Standard Deposition vs. ERPP Enhancement

Standard Deposition Process

On standard KDF sputtering tools, metallic films such as tungsten (W) and titanium tungsten (TiW) are deposited onto a 12" × 12" pallet deposition zone, which scans across a 15" × 5" rectangular magnetron cathode. Deposition is performed via DC magnetron sputtering — either reactively using oxygen or nitrogen with elemental targets, or non-reactively from compound targets.

The cathode is engineered to optimize uniformity for metallic films, achieving an average thickness variation of approximately ±2% across four 4" wafers mounted on a planetary rotating pallet.

ERPP Enhanced Process

In advanced microelectronic applications, tungsten films are critical layers within frequency-selective components such as Surface Acoustic Wave (SAW) and Bulk Acoustic Wave (BAW) filters. For Solidly Mounted Resonator (SMR) configurations in BAW filters, multilayer silicon-based stacks require exceptional film uniformity and run-to-run thickness repeatability on the order of ±1%.

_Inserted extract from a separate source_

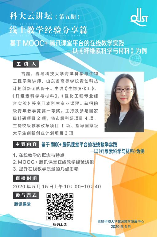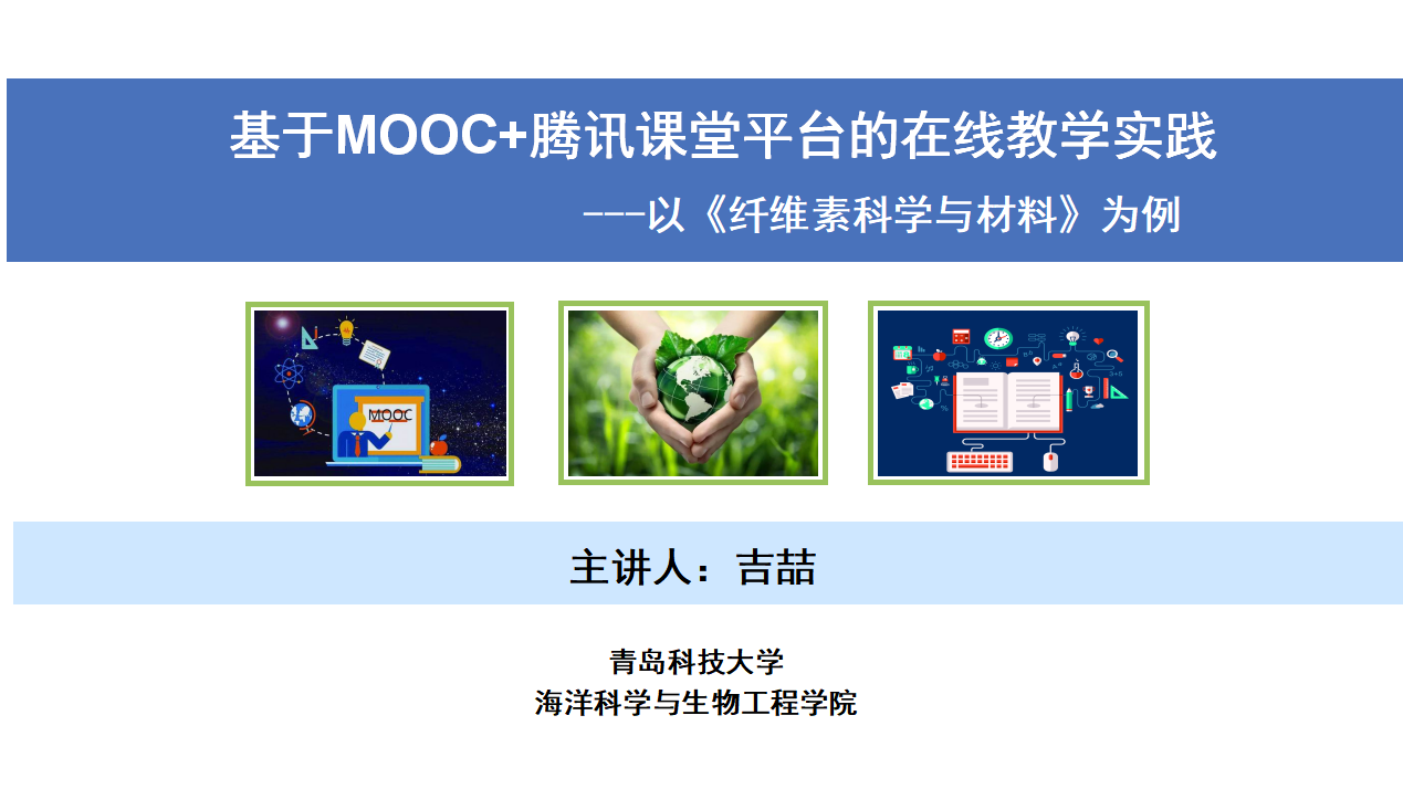 2020年5月15日上午10时,海洋公司教师吉喆在第五期科大云讲坛举行了“基于MOOC+腾讯课堂平台的在线教学实践---以《纤维素科学与材料》为例”的经验交流活动。吉老师充分分析了在线教学的特点及优势,结合讲授的专业课程,对在线教学的思路设计做了充分讲解,并针对“如何利用现有的MOOC和腾讯课堂直播平台,开展生动有趣的在线教学”做了详细汇报。最后,吉老师结合个人教学经验,对提升线上教学质量的策略进行了总结和交流。

Since resonant frequency is inversely proportional to the thickness of constituent layers — including tungsten — precise thickness control is essential for accurate frequency tuning. KDF 900 series systems equipped with three- or four-target configurations, precisely controlled scan speeds, and multistep recipe capabilities are purpose-built for these demanding applications.

Measured Performance Data

Tungsten (W) and titanium tungsten (TiW) films were deposited non-reactively using elemental W and TiW targets. The results confirm the ERPP's capability for high-precision thin film deposition across all key metrics:

Sheet Resistance

Figure 3 illustrates a reduction in sheet resistance with increasing setpoint values under constant linear scanning conditions. Wafer rotation during sputtering was found to significantly enhance thin-film uniformity — the rotational motion averages out spatial non-uniformities inherent in the sputtering process, improving thickness uniformity and stabilizing critical film properties such as sheet resistance. The decrease in sheet resistance with increasing setpoint values suggests potential microstructural improvements, including enhanced film density and grain structure.

Uniformity Performance

Figure 4 presents uniformity results for W and TiW films deposited with the ERPP-enabled KDF 900 system. The planetary scanning motion consistently achieved:

• Within-wafer uniformity better than ±1% across all tested processes
• Pallet-wide uniformity better than ±2% — a significant improvement over standard ±2% baseline
• Consistent performance confirmed across multiple deposition runs

Surface Roughness

Figure 5 demonstrates significant improvements in surface roughness. While wafer rotation contributes to enhanced thickness uniformity, its influence on surface roughness is multifaceted. Depending on process parameters — rotation speed, deposition pressure, and target power — surface roughness may either increase or decrease. Careful optimization of sputtering conditions is therefore essential to achieve the desired film characteristics for each specific application.

Discussion & Future Applications

The ERPP represents a significant advancement in metallic film deposition technology. This technique has reduced metallic film non-uniformities from typical values of ±2% to less than ±1% across the pallet for non-reactive deposition processes — a measurable, repeatable improvement that directly supports next-generation device manufacturing requirements.

For production engineers working in semiconductor, photonics, BAW/SAW filter manufacturing, or advanced materials research, the ERPP-equipped KDF 900 series represents the current state of the art in batch inline sputtering uniformity.